"Staring Death in the Face" by Todd Hartwig.
A downtown museum’s massive new art exhibit features an impressive range of media — painting, mosaic, sculpture and quilting — and pain. Lots of pain.
“WAR : RAW — Healing Military Trauma Through Expressive Art,” currently showing at the Wisconsin Veterans Museum, includes more than 50 works of art created by Wisconsin military veterans suffering from post-traumatic stress disorder and/or traumatic brain injuries. Some of the works are blunt and uncomplicated; others are delicate, complex, layered. Reds and yellows recur throughout, as do tears and hands. A very few are seemingly peaceful, even whimsical.
Much of the art is abstract, perhaps because many of the exhibition’s artists cannot — or will not — verbalize their messages.
“They were not really willing to talk at length about their wartime experiences,” recalls Tim Mayer, executive director of Appleton-based Artists for the Humanities, a nonprofit that combines group therapy and art therapy to help former members of U.S. Armed Forces. The artists in the exhibit are program participants.
“I come from somewhat of a military family,” says Mayer, who founded the organization. “I had also remembered how our veterans were treated when they returned from the Vietnam War. I was also a trained artist.
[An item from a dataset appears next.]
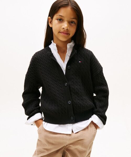 GIRLS ケーブルカーディガン コーディネートがトラディショナルに決まるケーブルカーディガン。しっかり目の詰まったコットンニットの編地で型崩れすることなく着こなせます。左胸にはブランドのメイングラフィックでもあるフラッグロゴ刺しゅうをセット。ジーンズにワンピースにとボーイッシュにもガーリーにもアレンジ自在です。 【サイズ】 90:着丈32.0cm 身幅34.0cm 肩幅32.0cm 袖丈30.5cm 100:着丈33.0cm 身幅37.0cm 肩幅35.0cm 袖丈34.0cm 110:着丈35.0cm 身幅38.0cm 肩幅37.0cm 袖丈34.5cm 120:着丈39.0cm 身幅42.0cm 肩幅42.0cm 袖丈37.0cm 130:着丈39.0cm 身幅44.0cm 肩幅44.0cm 袖丈38.5cm 140:着丈42.0cm 身幅46.0cm 肩幅46.0cm 袖丈41.5cm 150:着丈45.0cm 身幅51.0cm 肩幅50.0cm 袖丈45.0cm 160:着丈48.0cm 身幅54.0cm 肩幅53.0cm 袖丈48.5cm 【TOMMY HILFIGER】 永遠のアメリカンクラシックをベースにモダンなひねりを加えたデザインが人気のトミーヒルフィガー。都会的で洗練されたメンズ・ウィメンズに加え、チルドレン、ゴルフライン、そしてよりカジュアルなデニムラインと豊富なカテゴリーが揃うグローバルブランド。

I thought it would be a good thing to do to honor the fallen and all of our veterans.”
Mayer first teamed with Green Bay psychotherapist George Kamps in 2009 to offer community-based art therapy sessions.
“It was so helpful to many of the veterans,” says Mayer. “They were able to disclose their trauma by using pictures.”
He stresses that the work of Artists for Humanities is about helping vets. Rather than creating for an audience, the act of expression is an end to itself.
“This is really a form of visual storytelling,” he says. “We ask them to tell a story on their own terms, with their own work, without judging them, in a safe and tranquil environment.”
Most of the veterans represented in the museum exhibit were not artists previously. Todd Hartwig was. The Prescott, Wis., resident served in the Army and National Guard, and was in Iraq from 2004 to 2005. He has 10 pieces in the show.
“I do a variety of media: blown glass to oil paintings, pastels. Did some carvings. Just pretty much everything,” he says. “I’ve been doing art all my life pretty much.” But a few years ago he found new inspiration.
“Actually, what got me to produce more was PTSD,” Hartwig says. He encountered Mayer and Artists for the Humanities at a Veterans Administration PTSD clinic in Tomah four years ago, and has been participating ever since.
Janet Skenandore Malcolm has three mosaics in the exhibit. She served in the Army from 1965 to 1968. She’s a Native American grandmother and seamstress who resides near Green Bay, in the Oneida Nation of Wisconsin.
Most of her art is abstract and includes imagery from her Medicine Bear Clan. “It takes my mind off [PTSD]. It’s really relaxing, and I’m focused on the artwork itself.”
Artists for the Humanities now has five programs around the state. One, in Milwaukee, is especially for Native American veterans. Mayer has yet to offer sessions in the Madison area, but he hopes to someday.
Working with PTSD survivors is extremely rewarding, says Mayer, though the work has obvious challenges. “Every time I think I’ve heard the worst story possible, I hear something that rivals that,” he says.
“But you kind of learn to put those stories in a separate place so you can do the work effectively.”
WAR : RAW will be on exhibit at the Wisconsin Veterans Museum on the Capitol Square through May 2016.